March 14 (Bloomberg) -- OAO Novatek, Russia’s second-biggest natural-gas producer, snapped four days of declines after winning a license for a new field.
Novatek closed up 2.3 percent at 311.37 rubles in Moscow. The benchmark Micex Index of 50 stocks rose 0.2 percent.
The Russian Subsoil Agency today declared Novatek the winner of an auction to develop the Arctic Vostochno-Tazovskoye, or East-Tazovskoye in English, oil and gas condensate field with a bid of 3.19 billion rubles ($103.5 million), according to a statement posted on the agency’s website.

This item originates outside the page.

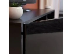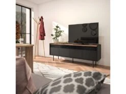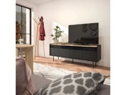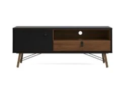 Slavia , Meuble TV Rectangulaire, Deux Portes, En Panneaux , Bois De Mindi Et Loom , Noir Et Naturel

“The victory at the auction was positive,” Mikhail Loshinin, an analyst at Rye, Man & Gor Securities, said by phone today. “The price was acceptable, and the company has existing infrastructure in this region.”
East-Tazovskoye, located close to Novatek’s North-Russkoye field in the Yamal-Nenets region, contains 65.3 billion cubic meters of gas and 13.4 million tons of liquid hydrocarbons in recoverable reserves under Russian classification, the gas producer said in a regulatory filing today.
Novatek outbid OAO Lukoil, Russia’s second-biggest oil producer, gas producer Itera and OAO Gazprombank’s unit Status, Interfax reported today, without saying where it obtained the information. The starting price was 1.1 billion rubles, the news agency said.
“The acquisition of a new license is fully consistent with our strategy and allows us to expand the resource base in our core region,” Chief Executive Officer Leonid Mikhelson said in the company statement. “We will benefit from significant synergies due to the proximity of the East-Tazovskoye field to our existing asset base.”